The 53,000 sqm second plant at Nakatsu operates on the Simple, Slim, Compact (SSC) concept, a minimalistic approach that also characterises Daihatsu cars. SSC is throughly applied in each section of the plant, enabling it to achieve the same annual production figures as the first plant from slightly less than half the floor space. A smaller physical footprint means a smaller CO2 footprint, thanks to power savings from reduced air conditioning and a shorter, simplified production line. Cost of equipment is also 40% less.

Daihatsu Kyushu-6

We’re no strangers to modern car factories, but Nakatsu Plant 2 is an impressive sight by any measure. Robot density is very high (three times more than Plant 1) and the choreographed movements of the tightly clustered machines are eerily human-like. No pictures were allowed, so I can only suggest that you picture an F1 pit crew in action, but with three times the tasks and zero fumbles. Efficiency is paramount, and the number of processes have been halved compared to Plant 1.

DKC is also very proud of Plant 2’s ‘jigless’ system. While it’s not literally jigless, unique jigs for each model were replaced with general purpose jigs, so a rojak of models flow smoothly on a single body welding line. Technically, an infinite number of models can roll off a single line with such a system. Daihatsu also has its own method of transfering the work-in-progress cars from stage to stage using ‘slippers’, which save space.
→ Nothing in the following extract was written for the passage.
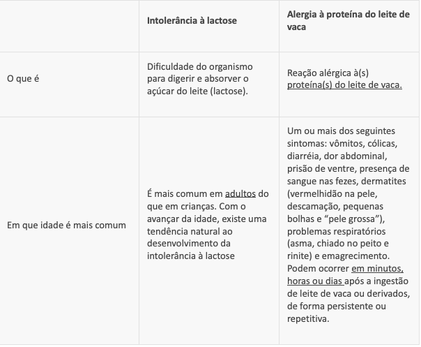 Alergia à proteína do leite de vaca e intolerância à lactose são diferentes, mas podem ser confundidas. Por isso, é fundamental saber diferenciá-las. A Lactose é um açúcar e não provoca alergia, ou seja, não existe alergia à lactose!

The assembly shop, where humans far outnumber machines, has a sub-line system where items such as doors and engines are completed as a set before being fitted to the car body. This makes for a shorter and faster main line.

Daihatsu Kyushu-7

Speed is also gained from fewer processes (40% less) and having four workers on each process instead of just two. This increases work density per process as well as the ‘mutual aid process ratio’. Think of the latter as extra pairs of eyes to help, healthy competition and good company (it can be boring doing the exact same thing for the entire day) for team members.

Another C in SSC manifests in the form of a paint shop conveyor that’s only half the length of the conveyor in Plant 1, and among the shortest in Japan. Speaking of paint, DKC uses the 3-wet water-based paint tech that significantly reduces volatile organic compound (VOC) emissions.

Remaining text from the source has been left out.